Dans le but de préserver les garanties accordées aux victimes des conflits armés, l’article 90 du Protocole I additionnel aux Conventions de Genève de 1949 prévoit la constitution d’une Commission internationale d’établissement des faits.

Créée officiellement en 1991, la Commission est un organe international permanent dont la fonction essentielle consiste à enquêter sur tout fait prétendu être une infraction ou violation grave du droit international humanitaire. La Commission est donc un mécanisme indispensable pour aider les Etats à veiller à l’application et à l’observation du droit humanitaire en temps de conflit armé.

Elle est composée de quinze membres servant à titre personnel, élus par les Etats qui ont reconnu sa compétence. Malgré le fait que 70 Etats, issus de tous les continents, ont déjà reconnu sa compétence, la Commission n’a encore reçu aucun mandat.

La Commission a son siège à Berne. La Suisse, en tant que dépositaire, en assure le secrétariat.

 
Les Conventions de Genève pour la protection des victimes de la guerre

Les Conventions de Genève de 1949, telles que complétées par les Protocoles additionnels de 1977, énoncent les principes et les règles, obligatoires pour les parties aux conflits armés, qui visent à protéger les victimes de ces derniers. Dès le début, ceux qui ont la responsabilité des Conventions ont réalisé qu'il ne suffit pas d'énoncer des règles. Il faut également prendre des dispositions pour les mettre en oeuvre et pour les appliquer. Dès lors, les Conventions et Protocoles exigent des parties, entre autres moyens, qu'elles diffusent la connaissance des règles à leurs forces armées et, d'une manière plus large, qu'elles reconnaissant le rôle des Puissances protectrices et du Comité international de la Croix-Rouge et qu'elles prévoient la poursuite et le châtiment des personnes qui violent les règles.

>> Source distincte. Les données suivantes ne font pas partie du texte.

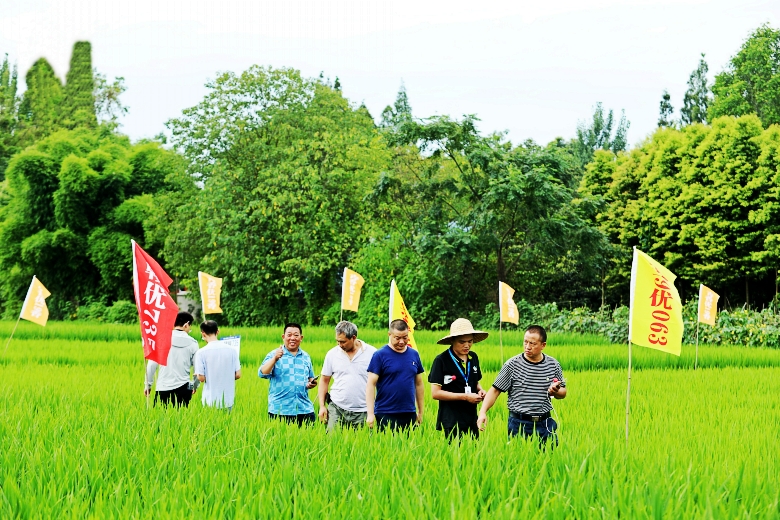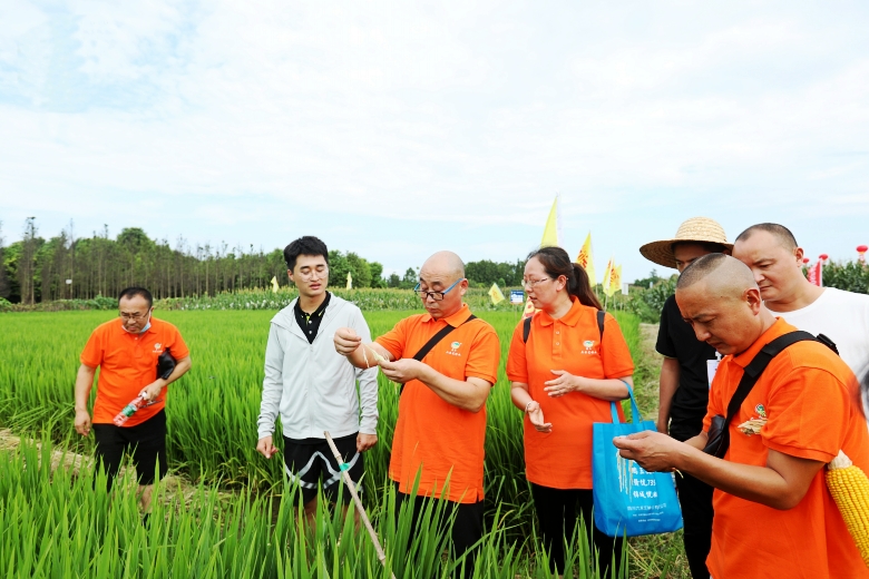27日,四川六禾汇种业有限公司组织了品种田间观摩会,全体参会代表到成都新津区试验基地实地考察观摩品种,公司优良杂交水稻品种“赣优735”“荃9优063”在现场展示。公司川陕渝区域负责人奚修晴,就品种的特征特性、田间管理向与会代表做了详细的介绍。参会代表们从品种的株叶形态、分蘖性、抗病性等多方面考察“赣优735”“荃9优063”的田间表现后,纷纷表示这两个品种不仅易管理,产量也很高,对接下来的品种推广信心倍增。
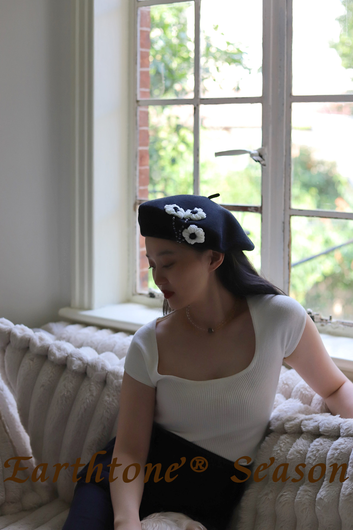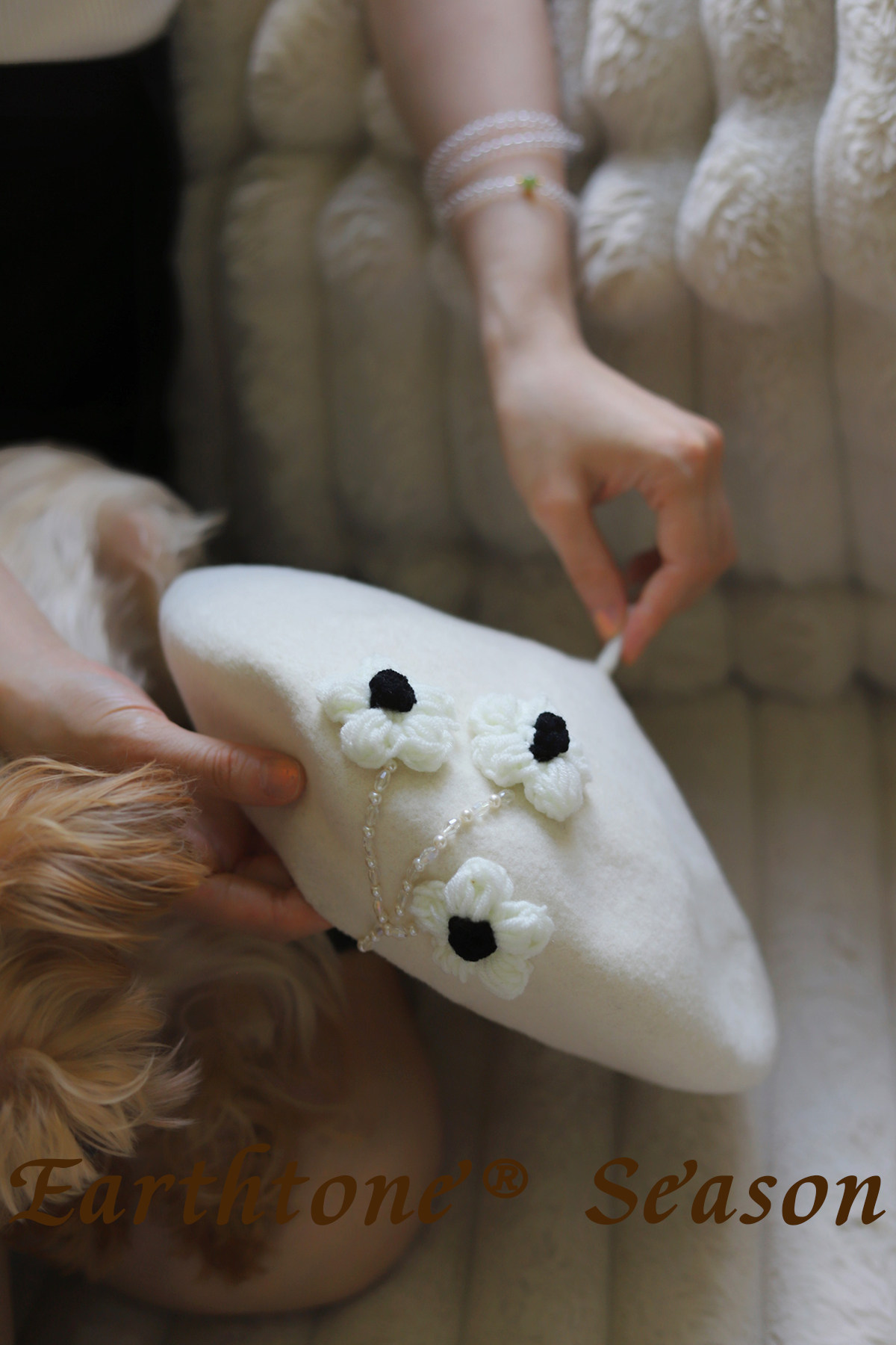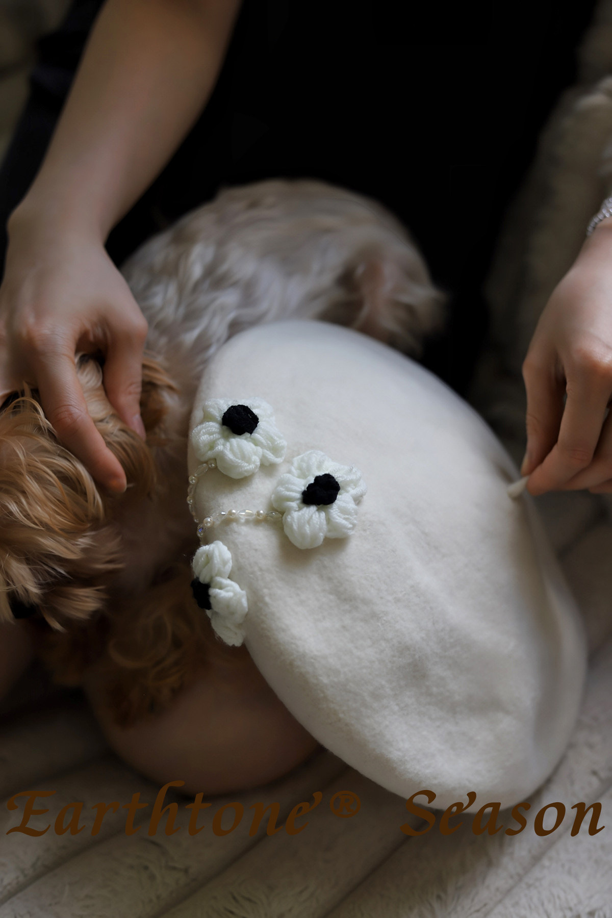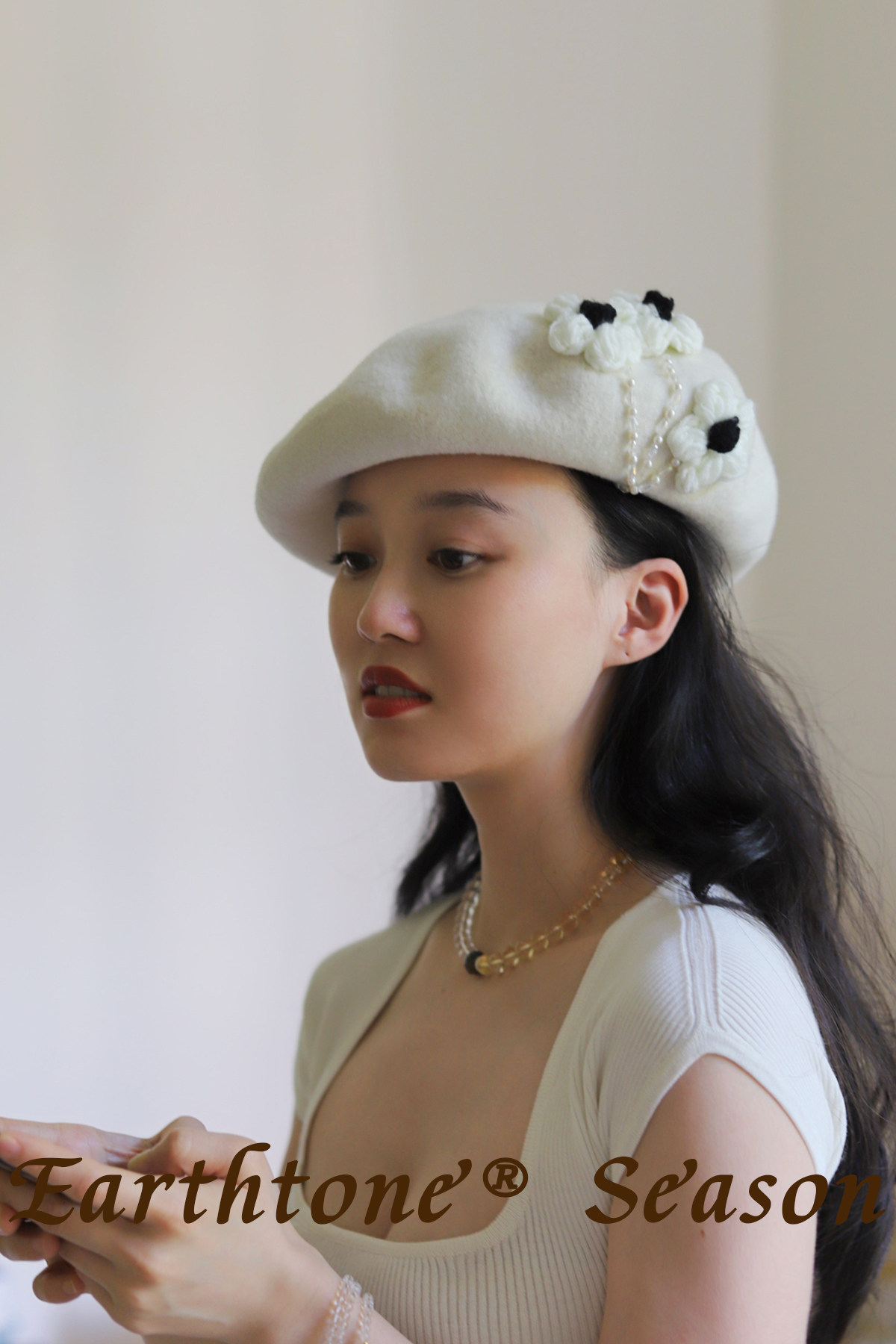 新款韩版花朵羊毛帽保暖贝雷帽显脸小女帽子毛呢画家帽

Une nouvelle méthode de mise en oeuvre : la Commission

Le premier Protocole de 1977 a ajouté un nouvel élément important pour soutenir la mise en oeuvre du droit international humanitaire. Il prévoit, en son article 90, l'établissement d'une Commission internationale humanitaire d'établissement des faits, de nature permanente. La Commission a compétence pour enquêter sur certaines allégations de violations des Conventions et du Protocole. En 1991, les 20 Etats parties aux Conventions de Genève et au Protocole I qui avaient accepté cette compétence ont élu les 15 membres originels de la Commission. Un Etat reconnait la compétence de la Commission en déposant la déclaration appropriée auprès du Gouvernement suisse. Ils figurent dans la liste au milieu de cette brochure. Ce nombre d'Etats a plus que doublé ces sept dernières années. Il comprend plus qu'un tiers des parties au premier Protocole. Ces Etats se trouvent sur tous les continents.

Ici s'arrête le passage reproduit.